> [Collected data entries]
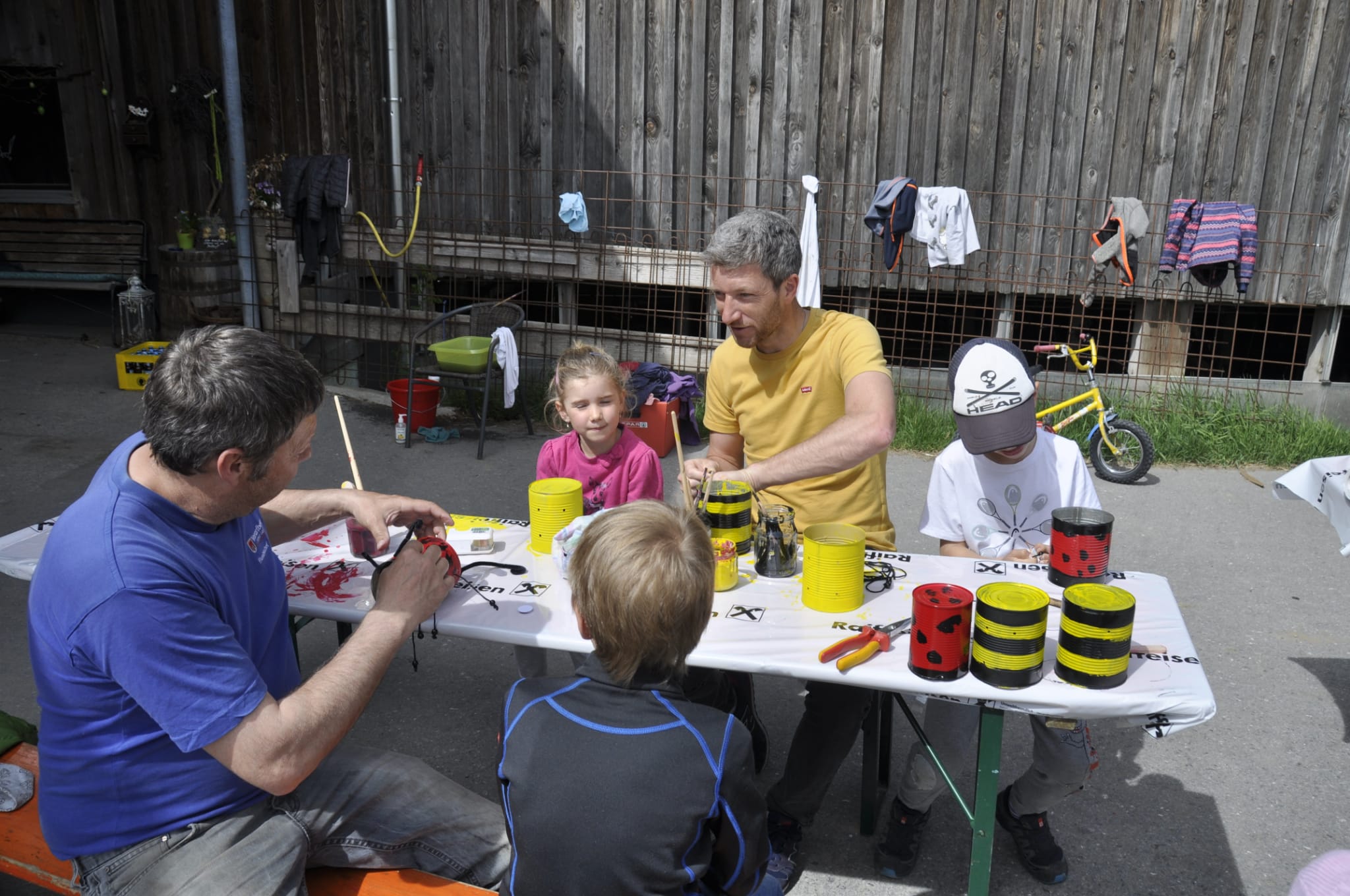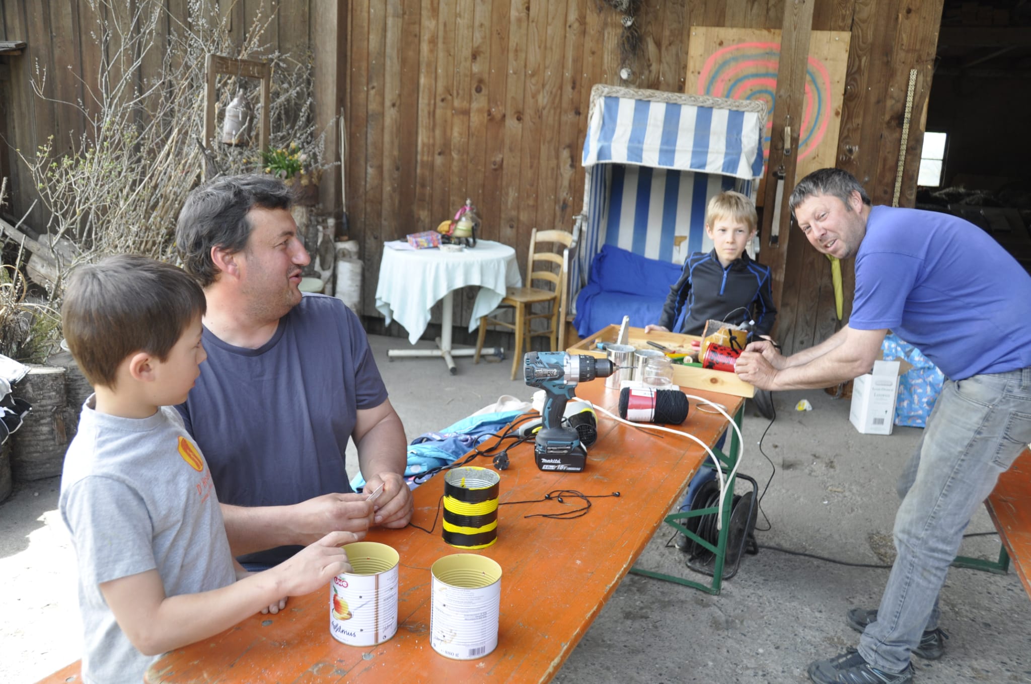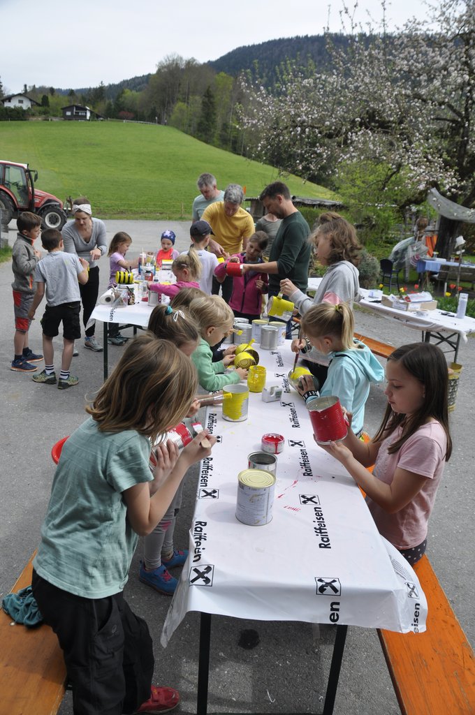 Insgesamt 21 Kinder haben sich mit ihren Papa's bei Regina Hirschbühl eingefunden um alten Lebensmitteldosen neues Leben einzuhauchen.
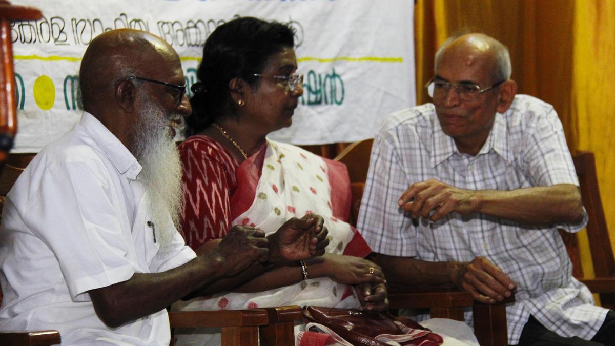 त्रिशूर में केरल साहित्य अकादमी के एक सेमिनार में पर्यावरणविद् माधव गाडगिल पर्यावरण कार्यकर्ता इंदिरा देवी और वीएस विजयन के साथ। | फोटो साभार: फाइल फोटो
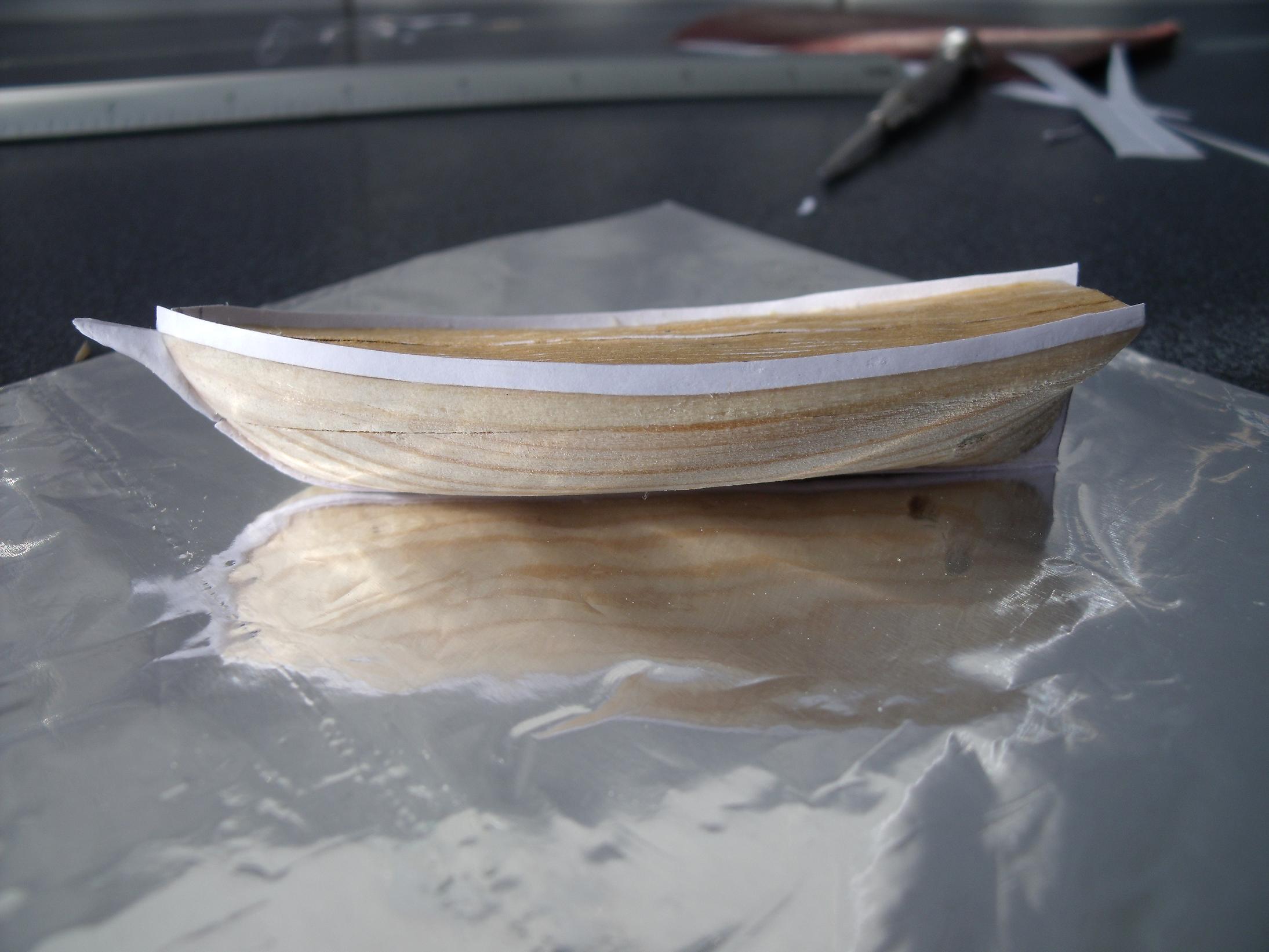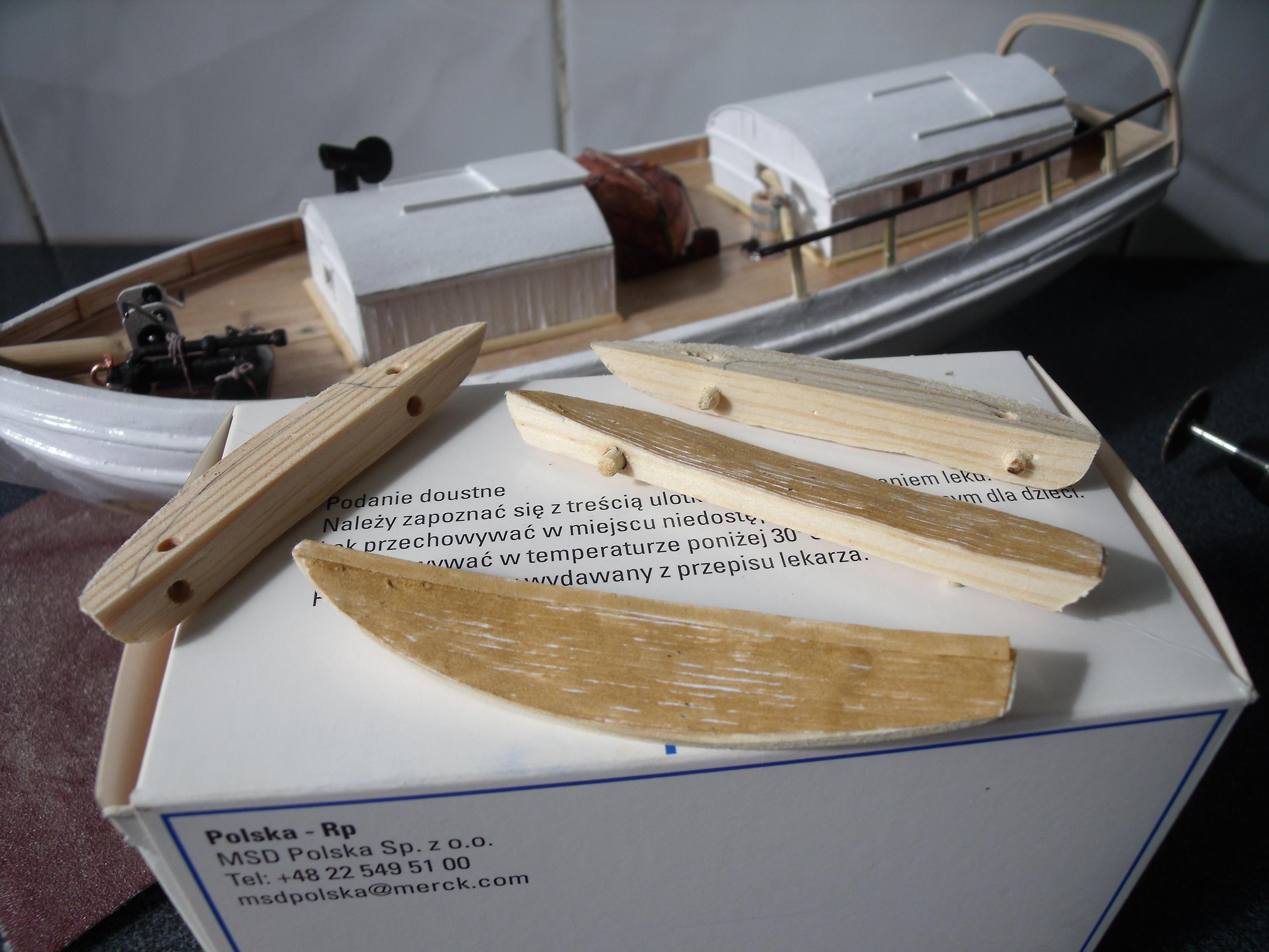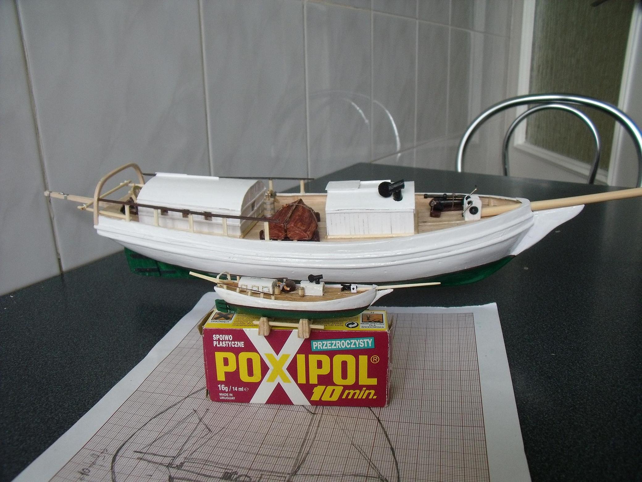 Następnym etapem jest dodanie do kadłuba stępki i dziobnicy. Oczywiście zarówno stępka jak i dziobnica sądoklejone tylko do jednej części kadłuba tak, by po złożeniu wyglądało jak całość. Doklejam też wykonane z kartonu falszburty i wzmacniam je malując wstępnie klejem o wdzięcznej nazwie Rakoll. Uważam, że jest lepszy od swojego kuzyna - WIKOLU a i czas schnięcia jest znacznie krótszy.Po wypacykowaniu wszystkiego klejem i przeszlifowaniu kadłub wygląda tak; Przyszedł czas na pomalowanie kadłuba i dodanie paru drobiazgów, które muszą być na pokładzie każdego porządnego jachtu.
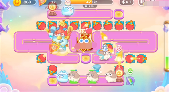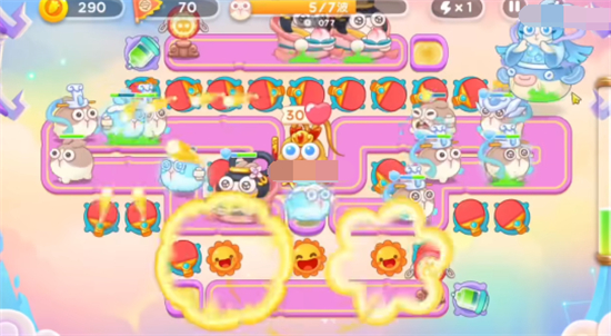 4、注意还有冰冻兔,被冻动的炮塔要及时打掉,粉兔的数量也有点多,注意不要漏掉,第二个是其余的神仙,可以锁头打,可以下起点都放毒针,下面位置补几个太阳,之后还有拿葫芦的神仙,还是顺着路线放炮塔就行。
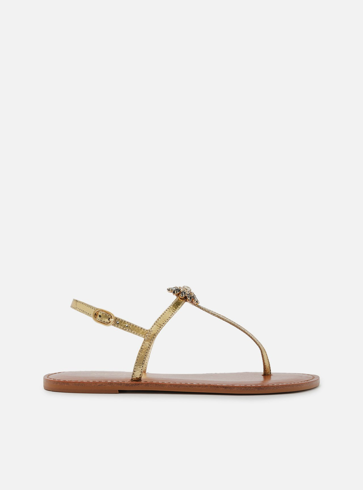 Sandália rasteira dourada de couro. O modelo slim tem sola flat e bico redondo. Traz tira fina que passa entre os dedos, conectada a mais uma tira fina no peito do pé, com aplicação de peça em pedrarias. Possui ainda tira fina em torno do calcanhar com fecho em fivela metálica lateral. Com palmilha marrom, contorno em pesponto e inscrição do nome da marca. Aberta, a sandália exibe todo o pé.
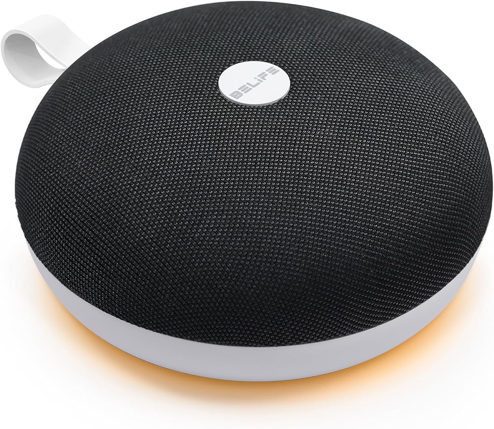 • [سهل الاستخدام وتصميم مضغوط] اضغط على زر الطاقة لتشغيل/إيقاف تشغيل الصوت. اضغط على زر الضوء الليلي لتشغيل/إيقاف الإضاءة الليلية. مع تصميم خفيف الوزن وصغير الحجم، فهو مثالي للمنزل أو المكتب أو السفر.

> [WORK TO COMPLETE]
From the line with "त्रिशूर में केरल" down to the last line of the entries above, set down every line exactly, apart from the pictures.

> [RESULT FOR THIS EXERCISE]
 त्रिशूर में केरल साहित्य अकादमी के एक सेमिनार में पर्यावरणविद् माधव गाडगिल पर्यावरण कार्यकर्ता इंदिरा देवी और वीएस विजयन के साथ। | फोटो साभार: फाइल फोटो
 Następnym etapem jest dodanie do kadłuba stępki i dziobnicy. Oczywiście zarówno stępka jak i dziobnica sądoklejone tylko do jednej części kadłuba tak, by po złożeniu wyglądało jak całość. Doklejam też wykonane z kartonu falszburty i wzmacniam je malując wstępnie klejem o wdzięcznej nazwie Rakoll. Uważam, że jest lepszy od swojego kuzyna - WIKOLU a i czas schnięcia jest znacznie krótszy.Po wypacykowaniu wszystkiego klejem i przeszlifowaniu kadłub wygląda tak; Przyszedł czas na pomalowanie kadłuba i dodanie paru drobiazgów, które muszą być na pokładzie każdego porządnego jachtu.
 4、注意还有冰冻兔,被冻动的炮塔要及时打掉,粉兔的数量也有点多,注意不要漏掉,第二个是其余的神仙,可以锁头打,可以下起点都放毒针,下面位置补几个太阳,之后还有拿葫芦的神仙,还是顺着路线放炮塔就行。
 Sandália rasteira dourada de couro. O modelo slim tem sola flat e bico redondo. Traz tira fina que passa entre os dedos, conectada a mais uma tira fina no peito do pé, com aplicação de peça em pedrarias. Possui ainda tira fina em torno do calcanhar com fecho em fivela metálica lateral. Com palmilha marrom, contorno em pesponto e inscrição do nome da marca. Aberta, a sandália exibe todo o pé.
 • [سهل الاستخدام وتصميم مضغوط] اضغط على زر الطاقة لتشغيل/إيقاف تشغيل الصوت. اضغط على زر الضوء الليلي لتشغيل/إيقاف الإضاءة الليلية. مع تصميم خفيف الوزن وصغير الحجم، فهو مثالي للمنزل أو المكتب أو السفر.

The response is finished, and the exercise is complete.